- [Exercise objective] Please output the listing below character for character and omit the images.

*** Opening of Material provided ***

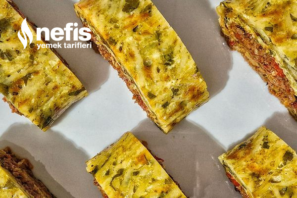 2. Fırın tepsisine yağlı kağıt serilip üzerine yayılır ,düz biçimde ve 200 derece evvelden ısınmış fırında üzeri kızarana dek pişirilir.
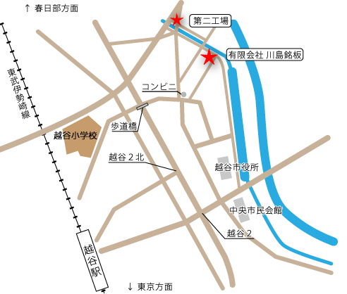 ◇本社・工場 〒343-0812 埼玉県越谷市柳町1-23 ◇第二工場 埼玉県越谷市越谷5-4284 |
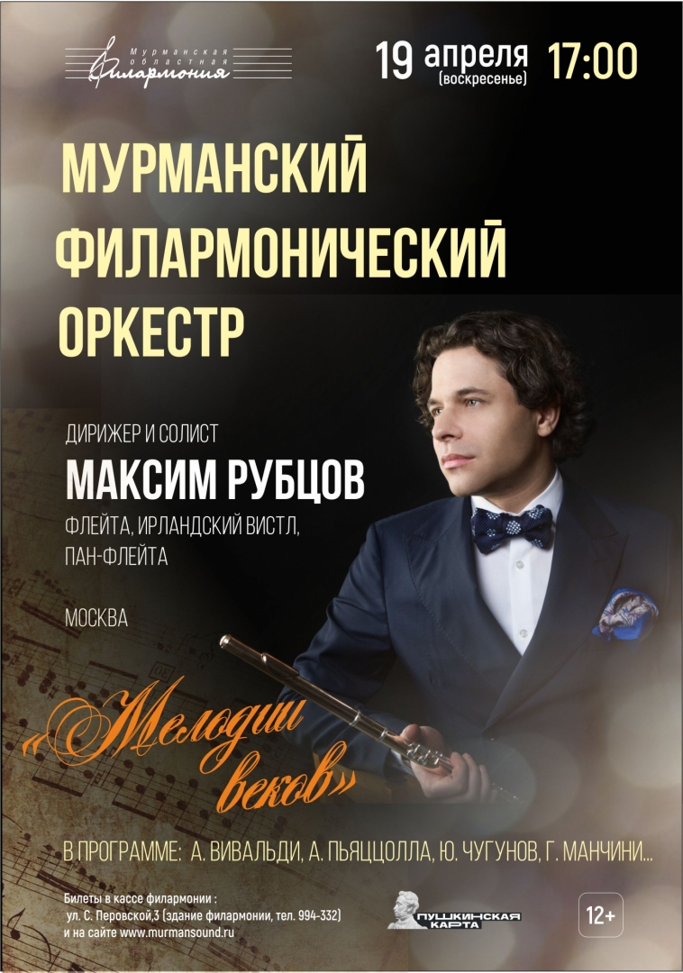 Концертная программа «Мелодии Веков» представляет Максима Рубцова как дирижёра оркестра и солиста, играющего на пяти инструментах: флейта, альтовая флейта, флейта-пикколо, ирландский вистл и пан-флейта.
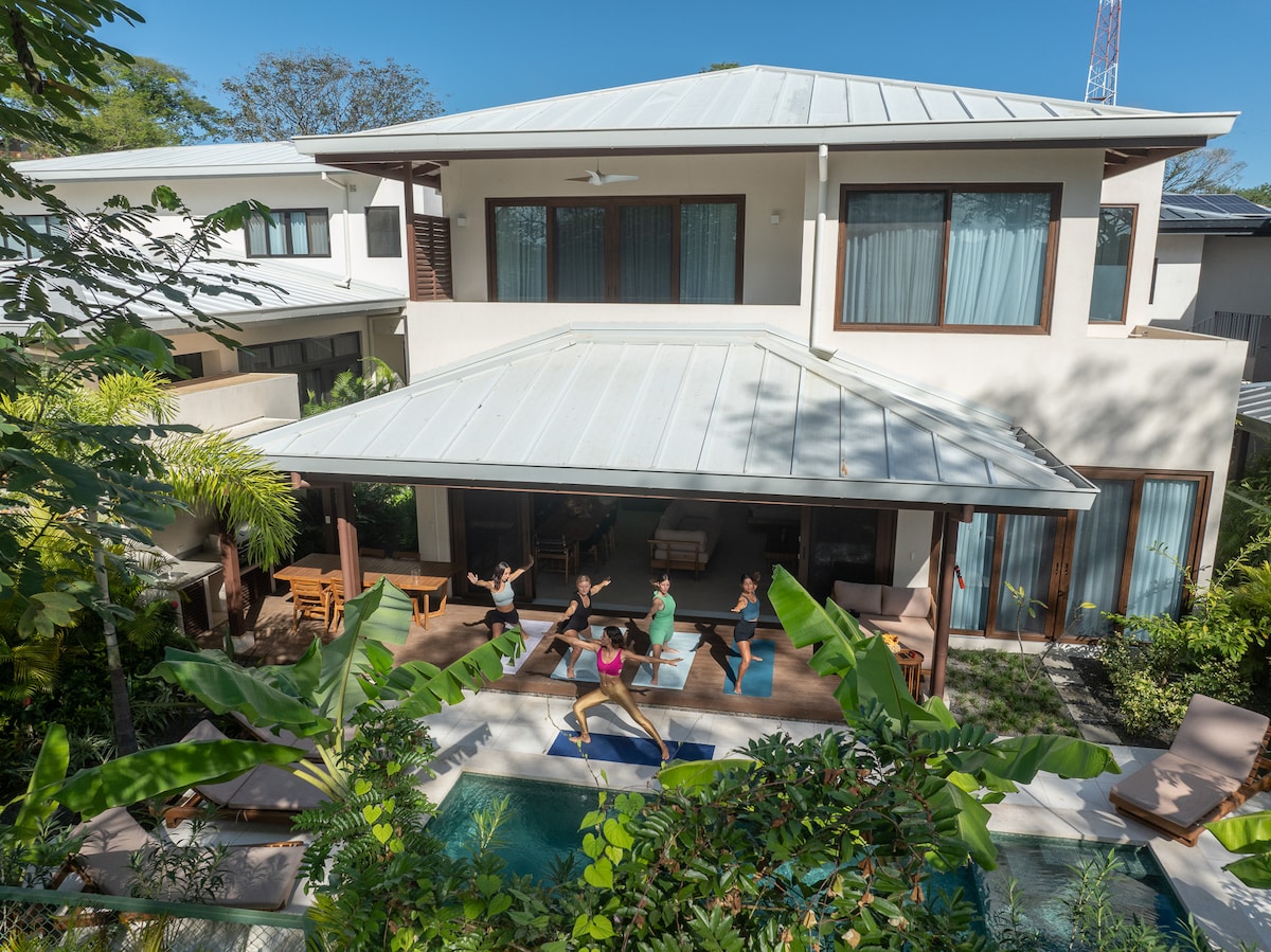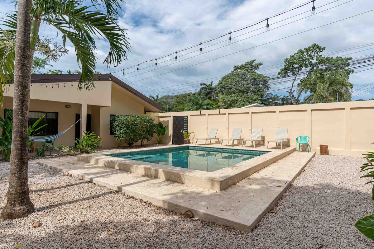 Apartamento equipado con todo lo que necesitas para corto o largo plazo de estadía. Internet rápido, ubicado en una rotonda residencial tranquila donde casi no circulan autos. A 300 metros de la playa, restaurantes, banco, supermercado, 100 metros del gym super céntrico. Puedes salir en la noche y volver caminando. Es normal ver en el patio, iguanas, monos aulladores, zorritos, Aves, ardillas etc. Los huespedes tiene descuentos en el surf shop Club 33 y además te ayudare a recomendarte otras act

*** Close of Material provided ***

- [Answer section]
 2. Fırın tepsisine yağlı kağıt serilip üzerine yayılır ,düz biçimde ve 200 derece evvelden ısınmış fırında üzeri kızarana dek pişirilir.
 ◇本社・工場 〒343-0812 埼玉県越谷市柳町1-23 ◇第二工場 埼玉県越谷市越谷5-4284 |
 Концертная программа «Мелодии Веков» представляет Максима Рубцова как дирижёра оркестра и солиста, играющего на пяти инструментах: флейта, альтовая флейта, флейта-пикколо, ирландский вистл и пан-флейта.
 Apartamento equipado con todo lo que necesitas para corto o largo plazo de estadía. Internet rápido, ubicado en una rotonda residencial tranquila donde casi no circulan autos. A 300 metros de la playa, restaurantes, banco, supermercado, 100 metros del gym super céntrico. Puedes salir en la noche y volver caminando. Es normal ver en el patio, iguanas, monos aulladores, zorritos, Aves, ardillas etc. Los huespedes tiene descuentos en el surf shop Club 33 y además te ayudare a recomendarte otras act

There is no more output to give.